As duas meninas sorriram uma para a outra e uma conversa quase sem fim se iniciou. Atravessaram o resto do túnel juntas, e saíram para explorar um mundo jamais visto.

*

Todos no túnel perceberam as duas meninas conversando, excerto um homem, vestido com um paletó encardido, remendado em vários lugares, que usava um perfume barato e tinha os cabelos mergulhados em gel, na tentativa de acalmar sua natural selvageria, que tentava atravessar o mais rápido possível, empurrando a todos, ignorando grunhidos e reclamações. Sequer as teria notado se não tivesse, no momento em que passou por elas, derrubado o relógio que levava em sua mão. Ele precisava ter a corrente consertada, mas por mania de ver as horas o homem o levava na mão o tempo inteiro. E quando esse objeto tão precioso caiu no chão, bem ao lado de uma menina ajoelhada, o homem sentiu o corpo estremecer.

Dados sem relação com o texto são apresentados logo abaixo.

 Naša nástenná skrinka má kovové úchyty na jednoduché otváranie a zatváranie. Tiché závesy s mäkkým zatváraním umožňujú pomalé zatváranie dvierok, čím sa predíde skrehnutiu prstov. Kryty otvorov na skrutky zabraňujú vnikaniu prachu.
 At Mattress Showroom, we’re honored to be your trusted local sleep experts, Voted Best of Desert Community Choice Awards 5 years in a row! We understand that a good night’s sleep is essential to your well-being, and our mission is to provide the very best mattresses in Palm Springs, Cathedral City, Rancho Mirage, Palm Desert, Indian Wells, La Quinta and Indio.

Jogou-se no chão para apanhar seu valioso marcador de tempo e, ao segurá-lo no meio de suas mãos trêmulas, não se achou mais capaz de levantar. Estava quebrado. Os ponteiros não corriam mais, parecia que tudo estava parado, parecia que tudo estava acabado.

Atônito, o homem se levantou e apertou o relógio na mão esquerda. Então soltou. E correu.

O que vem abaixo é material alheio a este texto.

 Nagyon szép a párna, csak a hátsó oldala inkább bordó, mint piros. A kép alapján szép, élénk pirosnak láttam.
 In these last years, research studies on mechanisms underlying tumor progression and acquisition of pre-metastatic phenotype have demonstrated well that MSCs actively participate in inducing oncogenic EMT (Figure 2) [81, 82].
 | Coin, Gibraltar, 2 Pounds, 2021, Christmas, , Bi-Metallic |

De mãos vazias, pingando o cansaço de sua pequena maratona e o esforço de arrancar sua venda e remover o seu funil, ele abriu a porta do pequeno apartamento e entrou. Caiu de joelhos. Sua mulher e filhos, surpresos, caíram a seus pés e ele os ajudou a remover as vendas, os funis, e da esposa também as correntes. Eles, então, choraram, e o homem pediu perdão. Estavam felizes, mais do que nunca, pois sabiam que estava acabado.

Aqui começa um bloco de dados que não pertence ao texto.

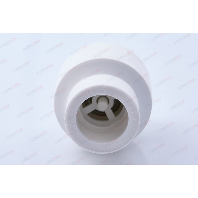 Количество в коробке: 60шт. Количество в упаковке: 20шт. Обратный клапан предназначен для использования в системах водоснабжения и отопления. Методом раструбной сварки осуществляется пайка клапана с трубами ППР диаметром 25мм
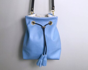 • Baby Blue Leather Mini Bucket Bag - Genuine Leather Bucket Bag - Leather Purse - Blue Shoulder Bag
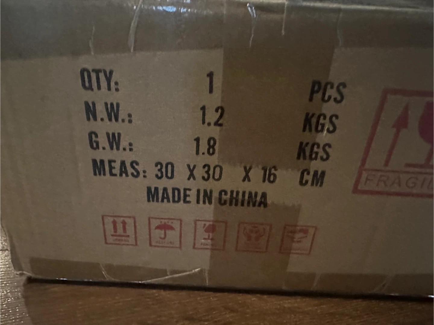 Selling a brushed gold wall lamp, model number FD3118N1GB-2. It's made of steel and glass and uses an E26 bulb base with a max wattage of 60 watts. This lamp is for indoor use only and comes in its original box. Dimensions are 30 x 30 x 16 cm
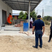 หลวงพ่อทองสด วัดเนินพะยอม นางนิกูล ทองหน้าศาล ผู้อำนวยการโรงเรียนหนองโสนพิทยาคม และคณะครูจากโรงเรียนหนองโสนพิทยาคม ให้การต้อนรับ
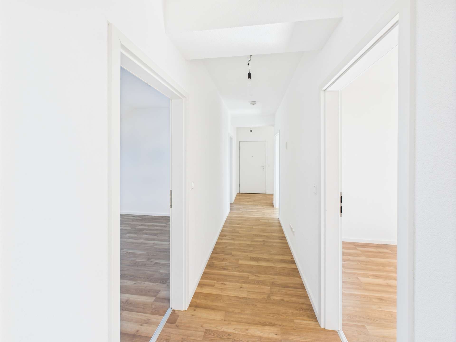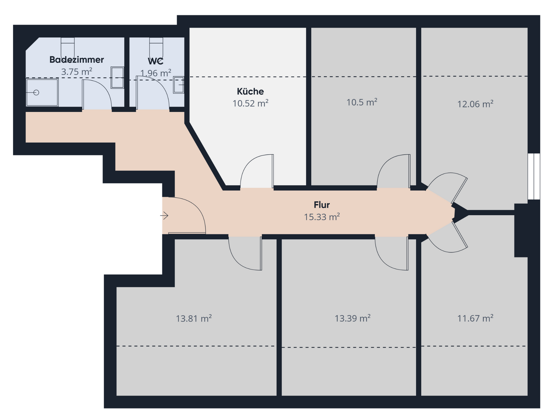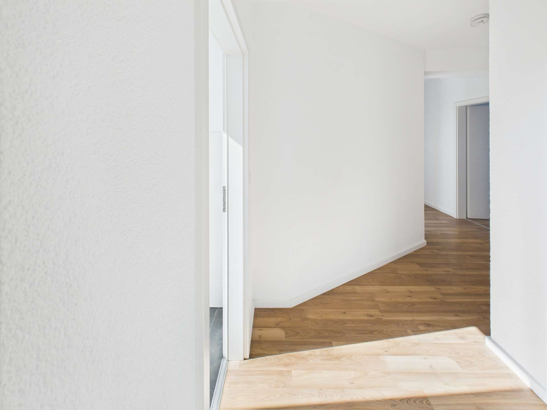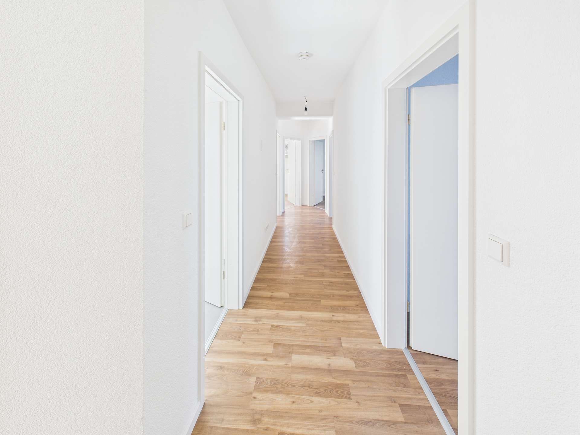 Ein großzügiger Flur sorgt für eine angenehme Erschließung aller Räume und bietet zusätzliche Stellflächen. Die Küche ist großzügig geschnitten und bietet ausreichend Platz für eine moderne Einbauküche mit Essbereich – ein wichtiger Faktor für die Attraktivität bei temporären Mietern. Das modernisierte Badezimmer überzeugt durch eine hochwertige Ausstattung, ergänzt durch ein separates WC, was insbesondere bei mehreren Bewohnern zusätzlichen Komfort bietet.
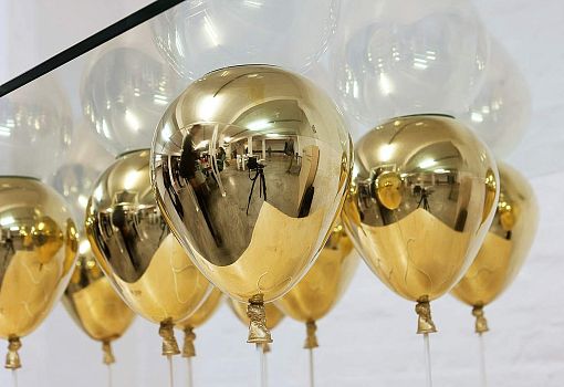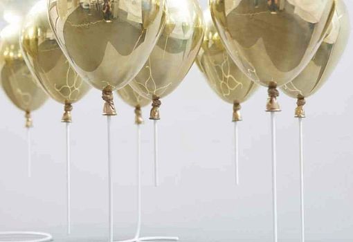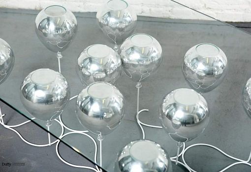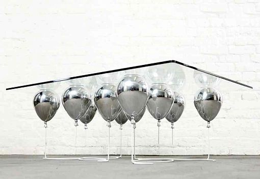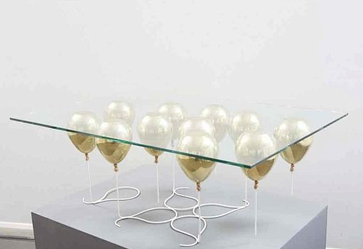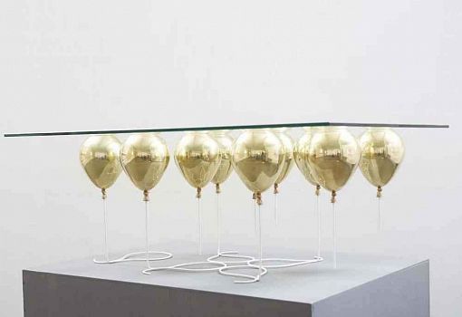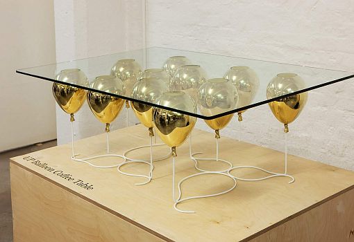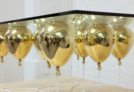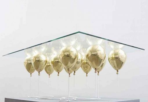 Журнальный стол UP – «парящая» на высоте 40 см прозрачная столешница, поддерживаемая снизу золотыми или серебряными воздушными шарами. Материалы: закаленное стекло, металлополимерный композит, стальные стержни. Выпускается ограниченной серией.
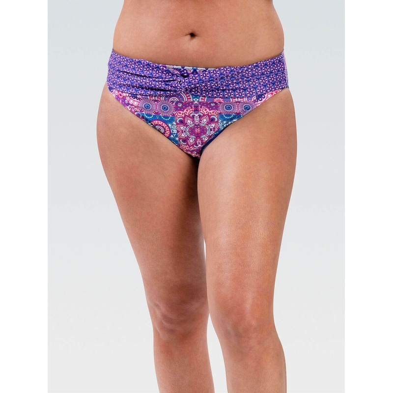 Limited Availability, get it while it lasts!This product is FINAL SALE and cannot be returned.This contemporary cut swim bottom is flattering and comfortable. Complete in the Patchwork print, this pink and purple brief is mid-rise and features a twist-fron
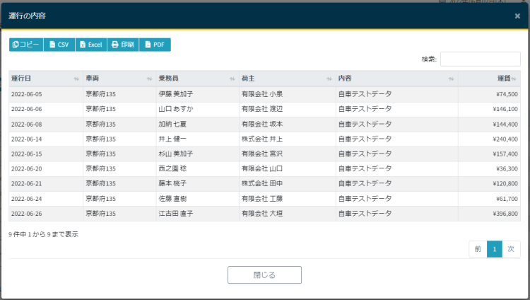 使い方ガイド 分析 車両別の運行の集計結果を確認する 1.車両別レポートを表示する サイドメニューの「分析」> 「売上表」> 「車両別レポート」をクリックします。 車両別レポートが表示されます。対象年月および受注部門を設定します。 初回はログインユーザーが所属している部門が自動的に選択されています。 部門を選択しない場合はすべての部門が対象となります。 運行の詳細が確認したい場合は、該当する車両をクリックします。 運賃の内容が表示されます。 使い方ガイド, 分析 車両, 運行集計
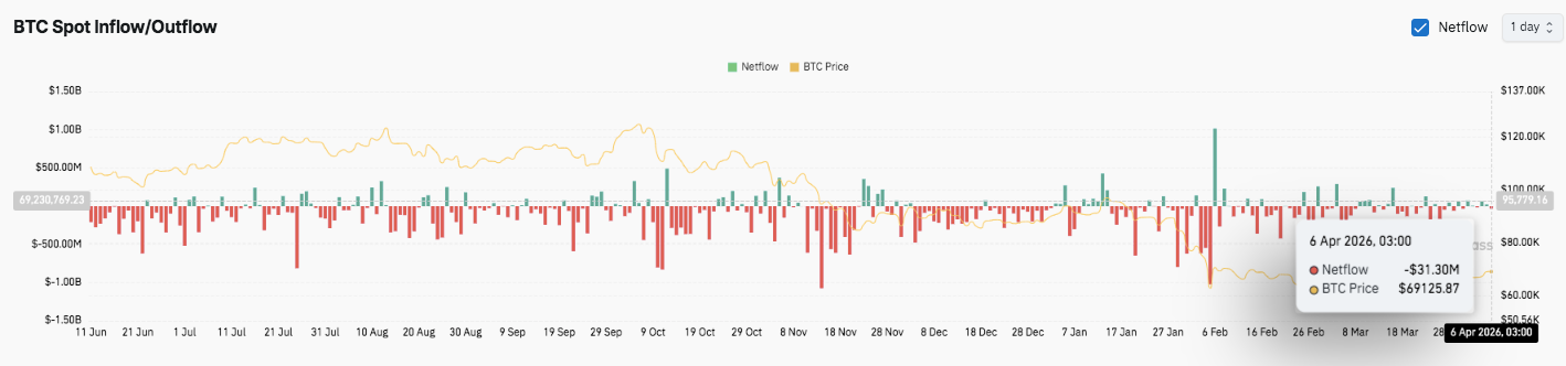 Спотовые потоки также отражают скрытую осторожность, поскольку оттоки доминируют большую часть недавнего периода. Эта тенденция указывает на продолжающееся давление на продажи и ограниченное накопление.
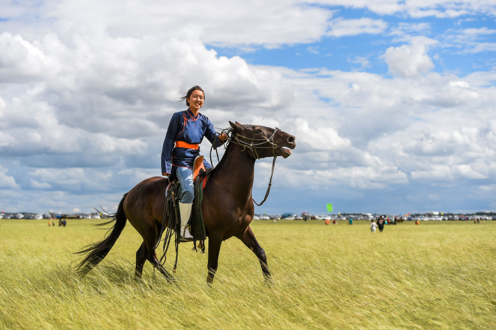 8月3日,錫林花在那達慕會場上騎馬。
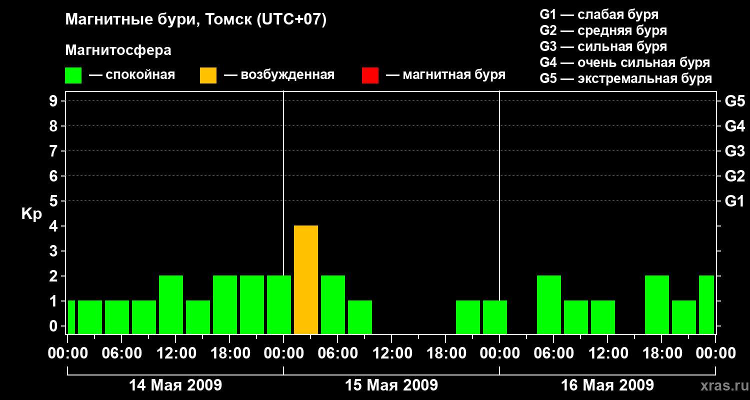 Изменения геомагнитного индекса Kp с 14 по 16 мая 2009 года для средних широт

O homem respirou fundo, sacou um revólver do bolso, fixou o cano em sua têmpora direita e puxou o gatilho.


*

Em um local próximo, duas meninas passeavam de mãos dadas, conversavam sobre tudo, contavam todos os seus causos, conheciam-se.  Uma poderia ser feita da mais pura neve, enquanto a outra parecia ter caído do mais tranquilo céu durante uma noite estrelada. A combinação mais bonita, mais contrastante, mais real. Então ouviram um tiro. Entreolharam-se.

“Parece que outras pessoas também arrancaram seus funis”.

“E puxaram suas vendas”.

“Será que agora vai ser diferente? Vamos encontrar outros?.

“Não seja inocente, enquanto houver túneis no mundo, haverá gente para fabricar funis e mais gente ainda para colocar vendas sobre os olhos do próximo”.

“Mas eu consegui sair, você também. Como?”.

“Nossos olhos ainda são verdes. O resto do mundo, a maioria, já amadureceu”.

“Há outros olhos verdes por aí!”.

“Quem sabe, não é? Só podemos torcer para que não sejam vendados cedo demais...”.